科学与宗教都不是绝对完美的,都不是绝对的真理,绝对的真理和绝对的完美只有“神”——天主(上帝)。首先说科学,亚里士多德、哥白尼、布鲁诺,包括牛顿等,在某个领域都曾经是“正确”的,但是随着科学的不断发展,都被证明是存在谬误或局限性的,包括爱因斯坦的某些理论,目前仍然是“正确”的,但是它究竟能“正确”多久?谁能保证它永远正确?昨天刚巧看到一句话:科学是一个试错的过程。科学是为了求真,本身则是阶段性的谬误,它可以无限接近却达不到那个绝对的真理。宗教与教会也不是绝对完美的,都需要在曲折和磨砺中发展完善,在这个发展过程中,科学与宗教都会无限的接近那个绝对的真理,但是终究不能成为绝对的真理本身,这些都取决于人类智慧的有限。而可以肯定的是,它们不是矛盾的,有时是挚友,并肩同行,有时是诤友,擦出激烈的火花,但是,客观的讲,这都促进了彼此的发展,促进了彼此更加的接近真理。
其实,关于科学与宗教,可以引用伽里略的一段话:圣经与自然界都是由天主的圣言发出的,前者是天主圣神所启示,后者是由天主的命令所造成……我想圣经的目的,是为把救灵魂所必需的一些真理告诉人们……其实靠了我们的感官、明悟等,我们自己能求得许多事理,特别是关于那些圣经上毫无记载的科学。爱迪生则说:科学与宗教是从同一根源而来,其间决不会发生冲突。我相信我主的训示:人与物是由一个领袖来指导,世界的命运是由一位至上者来支配。其实有太多的大科学家都是天主教的忠实信徒,牛顿、高斯、汤默生、伏特、安培、焦耳、瓦特、欧姆、赫兹、法拉第、马可尼、拉瓦锡……其实有心的话可以查一下在我们的物理、化学教科书中出现的科学巨人有几个是没有宗教信仰的。
对于宗教与科学的关系,还有一项重要的参考,就是教育。历史学家们说:天主教创办、主持、任教了世界上最著名的学府,在一千五百多年前欧洲就有85座天主教办的大学,而且几乎包揽了当时所有的大学。
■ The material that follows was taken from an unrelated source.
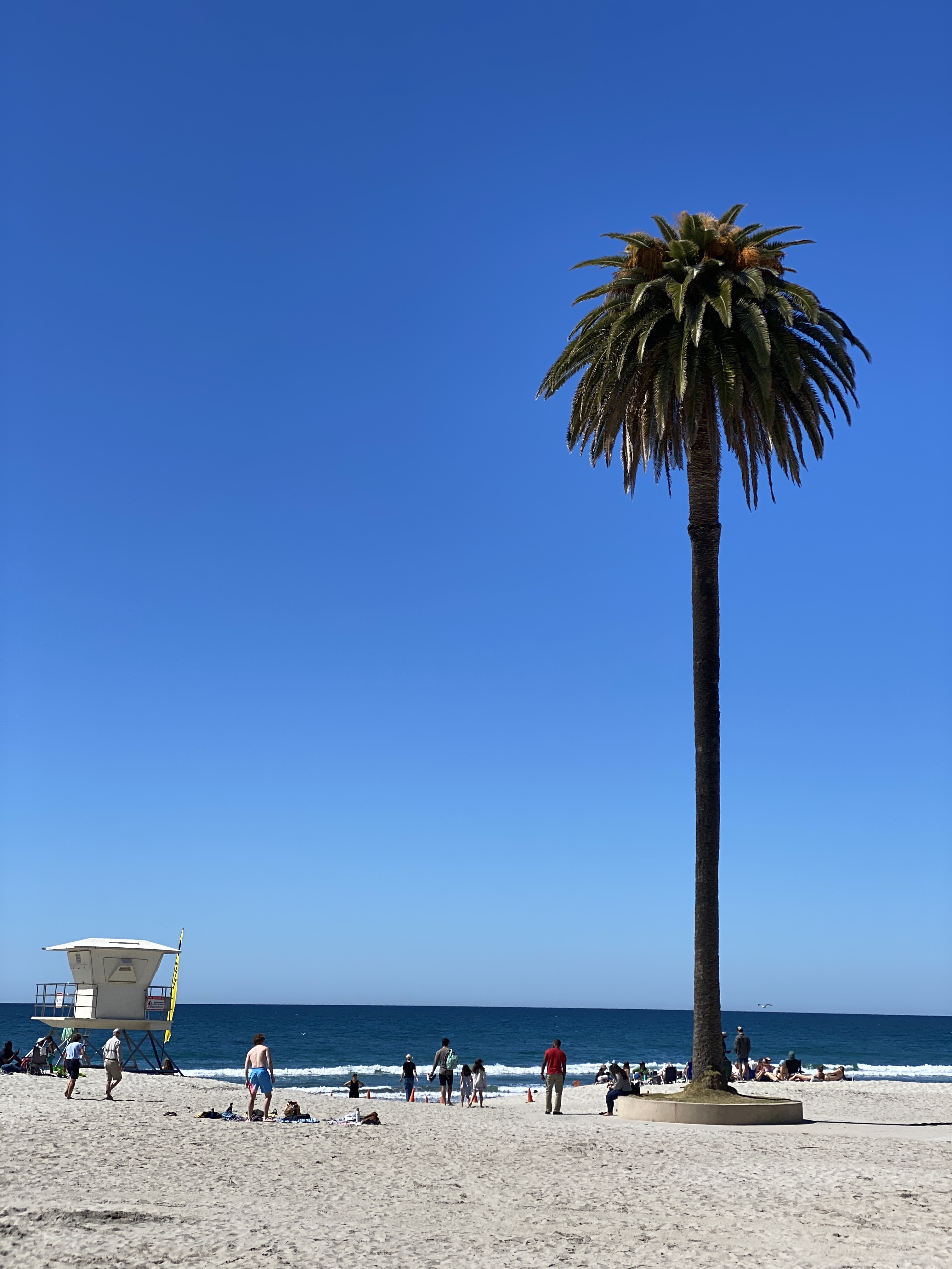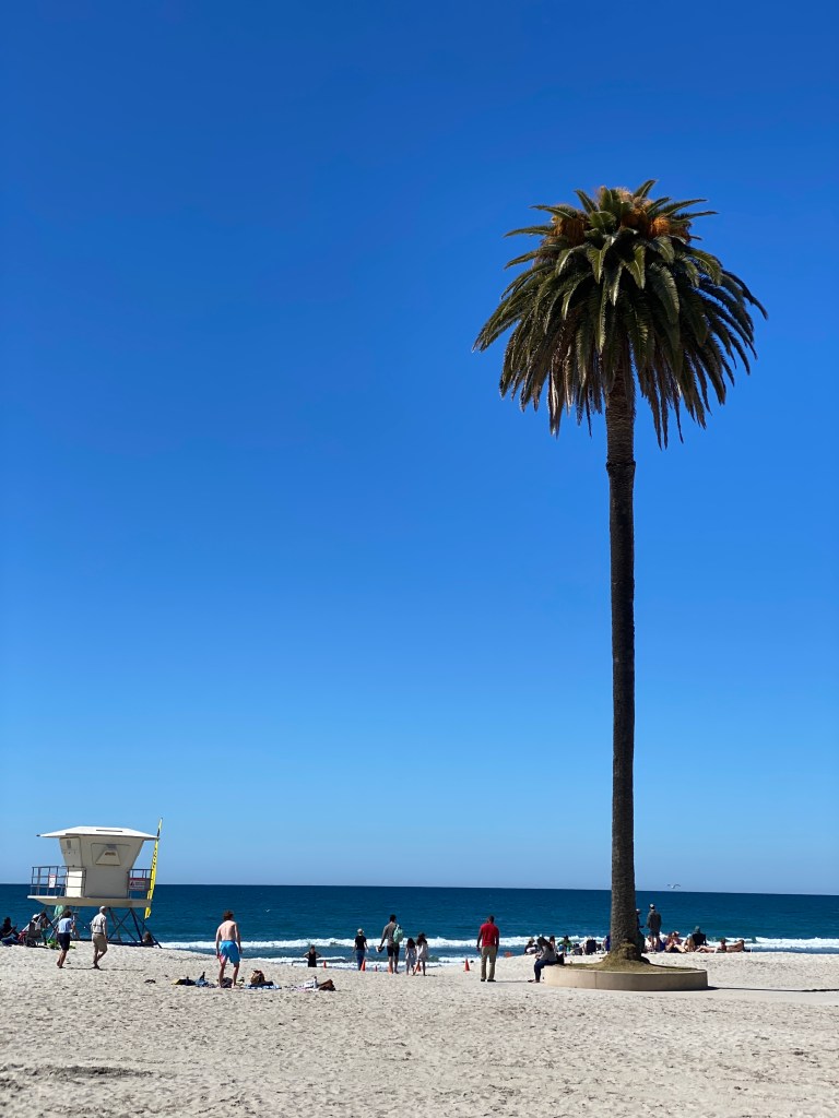 Heading back to my car, I took a picture I take often. There is an iconic palm tree in the walkway down to the beach. It’s big and bold…and is beautiful against the blues of the waves and the sky. I frequently frame the image with the lifeguard tower in view. And yes, the day was warmer today. I think it even got to 70, which means that people were in swim suits, sunbathing, playing on the shore and in the waves. It’s not warm enough for me yet–but some go with the theory that sun=warm, so off go the jackets and lots of skin is visible.

还有后来创办的牛津等世界闻名的大学,在我们中国则有最著名的辅仁大学、燕京大学。辅仁大学由美国天主教本笃会于1925年在北京创办,1952年分并北京师范大学、北京大学、中国人民大学等五校,1960年在台湾复校则称为“辅仁天主教大学”(Fu Jen Catholic University),是天主教(罗马公教)所创办的,直属梵蒂冈教廷教育部,为亚洲仅有的宗座大学,也是台湾最著名的综合大学之一。燕京大学建立于1919年,是4个美英基督教差会在北京开办的教会大学,1952年分并中国政法大学、北京大学、清华大学,燕京大学校址“燕园”及“未名湖”成为后来的北京大学校园。对于天主教或基督教在教育上的作为,这只是一个小小的缩影,我们为什么不动脑筋想一下,一个反科学的宗教怎么会这么热衷于人类的教育事业?
在理清科学与宗教的关系之后,宗教是不是精神鸦片的问题就迎刃而解了,惟有真实的东西、惟有真理才能给人精神以真正的安慰,而那些加入教会只是为了寻求精神寄托和精神安慰的人,我不觉得他们有真正的信仰。信仰不是信天主而除灾免祸,而是因天主而追求真理。
至于第四个问题,在我国的近代史中,传教士是不是和帝国主义侵略者站在一起,这个可以去重新看一下历史,当然不是我们的教科书。就我在近来电视上播的专题片以及偶尔碰到的一些资料来看,在清朝末年及民国时期,天主教和基督教在我国建立了大量的慈善组织,更重要的是办了大量的学校,从小学到大学都非常广泛的涉及,比如上边提到的燕京大学和辅仁大学,还有许多女子学校,在民国时期大家公认的最好的学校基本上是教会学校,教会学校在女子解放运动中以及引进现代体育运动中都起了至关重要的作用。然而在我们的指导思想下,宗教为中国社会做的积极贡献都被抹杀了,被传扬的只是经过“艺术加工”的一面。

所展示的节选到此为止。